**Records for this task**
· · ·

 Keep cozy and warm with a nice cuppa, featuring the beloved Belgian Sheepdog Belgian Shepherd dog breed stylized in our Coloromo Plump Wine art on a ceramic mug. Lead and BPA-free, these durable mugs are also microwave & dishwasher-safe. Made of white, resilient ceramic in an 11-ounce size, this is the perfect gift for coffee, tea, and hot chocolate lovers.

· · ·

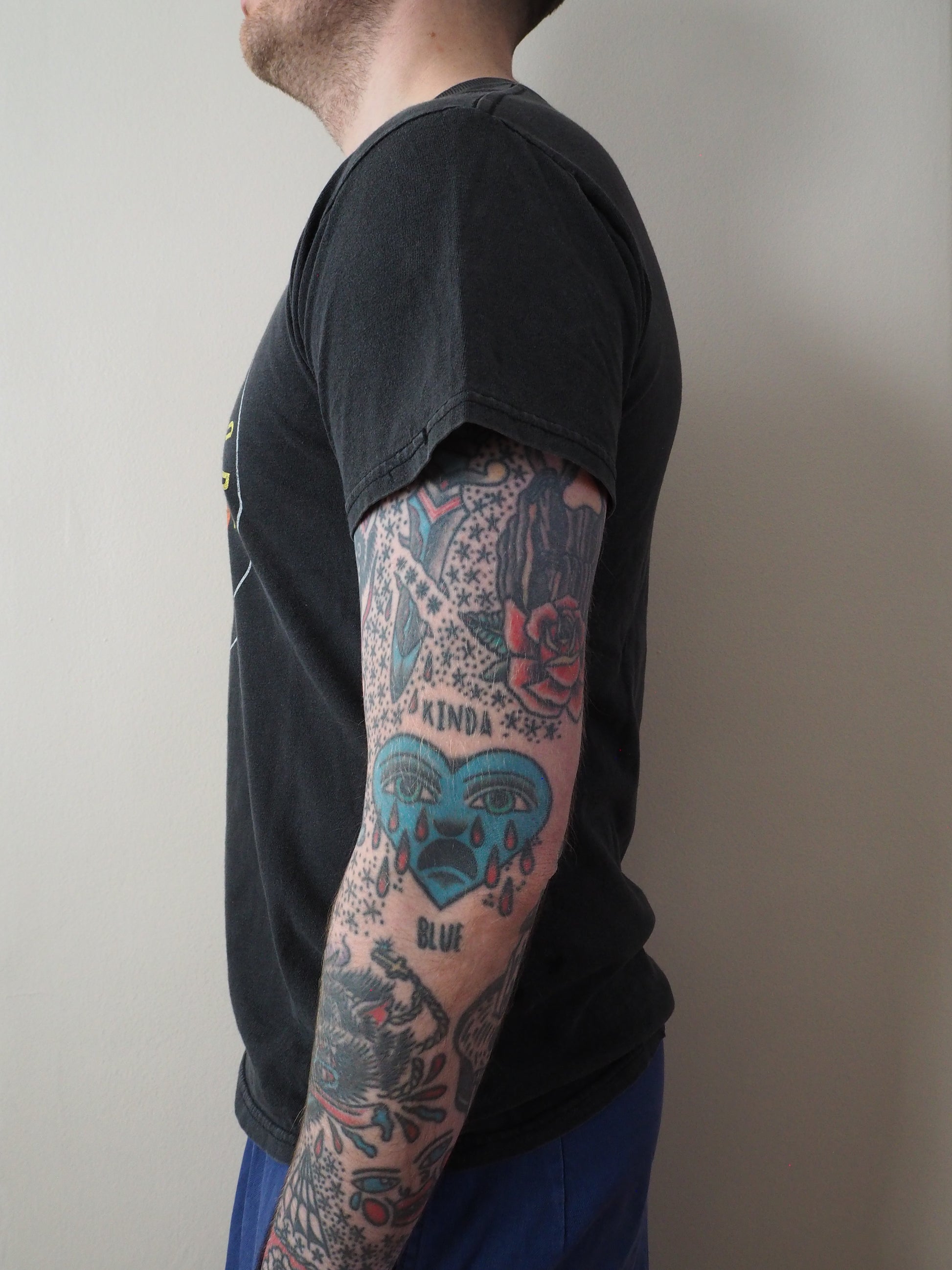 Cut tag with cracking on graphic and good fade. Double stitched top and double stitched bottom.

· · ·

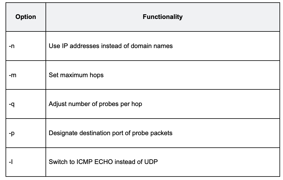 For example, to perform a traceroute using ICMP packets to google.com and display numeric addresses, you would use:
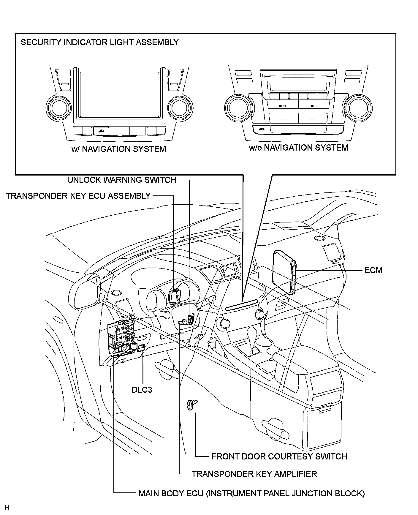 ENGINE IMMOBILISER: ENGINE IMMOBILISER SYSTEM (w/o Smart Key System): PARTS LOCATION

· · ·

The result should be an exact copy of only the lines above from the one that holds "For example, to" through the one that holds "ENGINE IMMOBILISER: ENGINE", both ends included, without pictures.

 For example, to perform a traceroute using ICMP packets to google.com and display numeric addresses, you would use:
 ENGINE IMMOBILISER: ENGINE IMMOBILISER SYSTEM (w/o Smart Key System): PARTS LOCATION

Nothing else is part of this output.